**Exercise:**
An exact copy is the goal: every line from the one containing "The top of the" to the end of the material below, pictures excluded.

**Stored data:**
· · · · ·
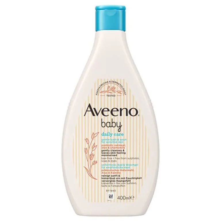 Aveeno baby daily care seifenfreies Bad & Waschgel mit beruhigendem präbiotischem Hafermehl, Aloe & Kamille nährt, beruhigt & schützt empfindliche Babyhaut ab Tag 1. Es reinigt sanft, hinterlässt ein mit Feuchtigkeit versorgtes Hautgefühl und ist für Neugeborene und Kindern mit normaler bis trockener, empfindlicher Haut geeignet.
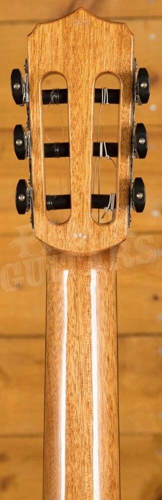 The top of the guitar is made from solid spruce and features flamed maple back and sides. The flamed maple not only looks beautiful but it also gives a very snappy and responsive touch to guitar; ideal for getting notes and chords to jump out. As mentioned, the guitar features a slim neck and the nut width is 48mm as opposed to a more traditional 50.8mm. The neck joins the body at the 14th fret. This will further aid the guitar in feeling familiar to acoustic steel-string players. The bridge is also shifted forward to increase the ease of playabilty; combined with the exposed higher frets, this guitar is great for playing melodies and lead lines on.
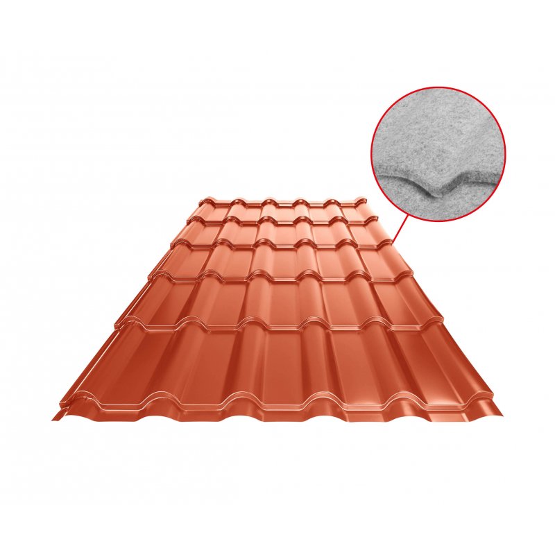 The roofing UNI 2 SQ contains an anti-condensation and anti-noise felt on the bottom side, which increases comfort. It dampens environmental noise and prevents condensing water from spreading to the roof surface.
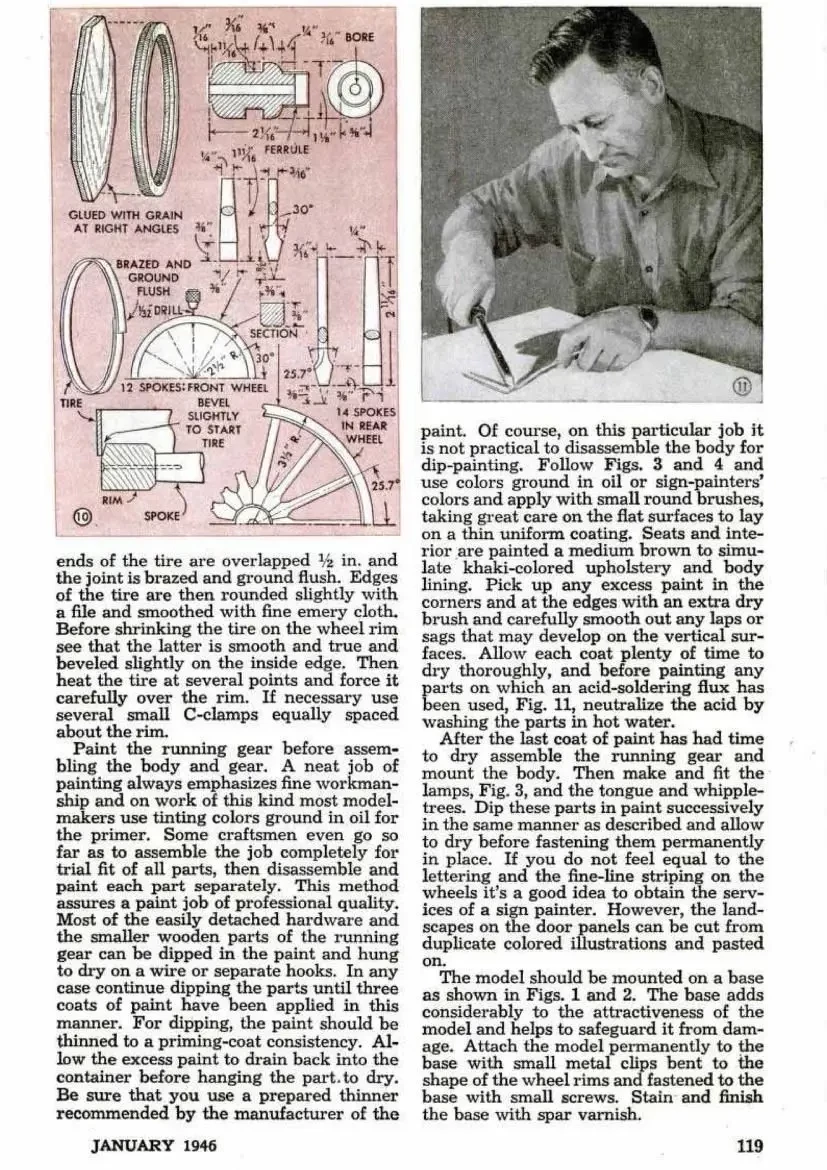 У каждой нации всегда был свой исторически сложившийся и потому любимый тип транспорта. В Англии и США таким транспортом стал дилижанс. Ну и, разумеется, его модель была предложена журналом «Популярная механика» для изготовления ещё в 1946 году. «Дилижанс» – культовый фильм 1939 года, «Гордость и предубеждение» (1995), ну и, разумеется, «Наш человек с бульвара Капуцинов» (1987), ну никак не могли обойтись без этого вида транспорта. В январском номере «Популярной механики» было опубликовано сразу несколько статей о том, как сделать его модель.
· · · · ·
**Final answer:**
 The top of the guitar is made from solid spruce and features flamed maple back and sides. The flamed maple not only looks beautiful but it also gives a very snappy and responsive touch to guitar; ideal for getting notes and chords to jump out. As mentioned, the guitar features a slim neck and the nut width is 48mm as opposed to a more traditional 50.8mm. The neck joins the body at the 14th fret. This will further aid the guitar in feeling familiar to acoustic steel-string players. The bridge is also shifted forward to increase the ease of playabilty; combined with the exposed higher frets, this guitar is great for playing melodies and lead lines on.
 The roofing UNI 2 SQ contains an anti-condensation and anti-noise felt on the bottom side, which increases comfort. It dampens environmental noise and prevents condensing water from spreading to the roof surface.
 У каждой нации всегда был свой исторически сложившийся и потому любимый тип транспорта. В Англии и США таким транспортом стал дилижанс. Ну и, разумеется, его модель была предложена журналом «Популярная механика» для изготовления ещё в 1946 году. «Дилижанс» – культовый фильм 1939 года, «Гордость и предубеждение» (1995), ну и, разумеется, «Наш человек с бульвара Капуцинов» (1987), ну никак не могли обойтись без этого вида транспорта. В январском номере «Популярной механики» было опубликовано сразу несколько статей о том, как сделать его модель.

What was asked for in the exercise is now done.